Why Hipmunk Is The World's Best Travel Site - kreutz
http://www.forbes.com/sites/bruceupbin/2012/06/29/why-hipmunk-is-the-worlds-best-travel-site/

======
rdl
I like the idea behind Hipmunk, but it doesn't really work with how I
personally pick travel.

I generally have an airline in mind first. If I want to fly to Seattle, I
basically know my choices are VX, UA, AK. If I want to fly to Hong Kong, I'll
try hard to be on CX, or failing that, SQ, or UA (to use the eBayed SWU to be
in business for +$300 over cheap coach). To Kuwait, UA or LH.
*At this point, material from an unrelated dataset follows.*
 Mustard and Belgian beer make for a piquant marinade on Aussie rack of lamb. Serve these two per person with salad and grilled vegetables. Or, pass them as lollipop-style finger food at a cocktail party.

Alternatively, I want to know "when will flights to (exotic destination) be
cheap" -- the best choice for that is still Kayak. Flyer Talk is also a good
source of information, because when an airline runs a 3x miles qualifying
special, a $500 transpac costs about $0 if you value the miles to hit a tier.
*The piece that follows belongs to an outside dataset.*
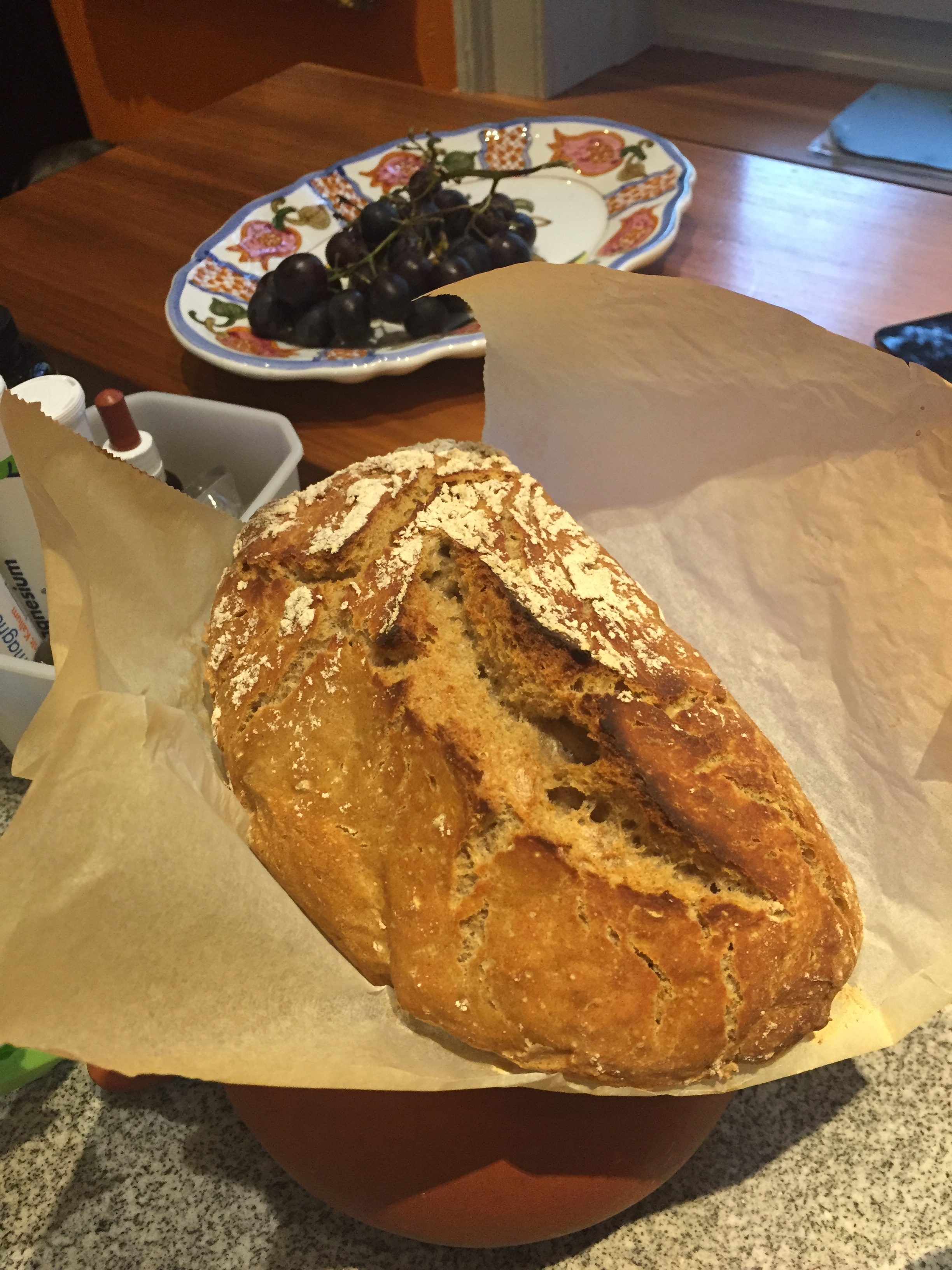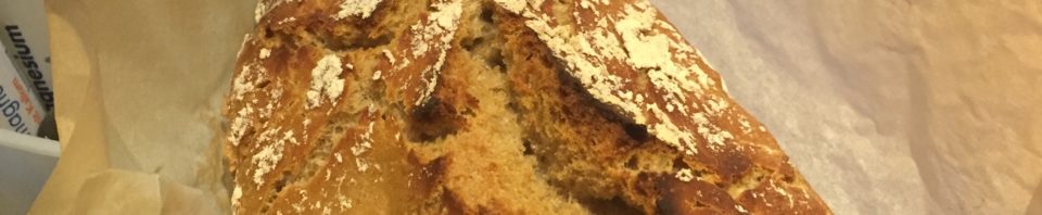 Noch etwas ausprobiert. Eine weitere Version meines „Brot für faule Leute“. Mehl, Flüssigkeit, Hefe, Salz zusammen leeren, dreimal rühren, WARTEN (gut und gerne 20h), einmal kneten, ab in den Backofen und mmmmmhhh!

If I need to fly at specific times, it's usually bounded on one side -- get
from point A to point B either leaving as late as possible or arriving as
early as possible. Longer layovers aren't a big deal, so it's search for the
relevant time first, then optimize.

For hotels, it's the same thing -- I know of a specific hotel I want to use
(Pen or MO or one of the good SPG properties in BKK), or I'm trying to
maximize SPG status/points and shop Starwood, or want to find something as
cheap/deal as possible (usually Vegas). Couch-of-friend or AirBnB also come
in, especially if the preliminary hotel search fails. I rarely care where in a
city I'm staying as much as the property itself.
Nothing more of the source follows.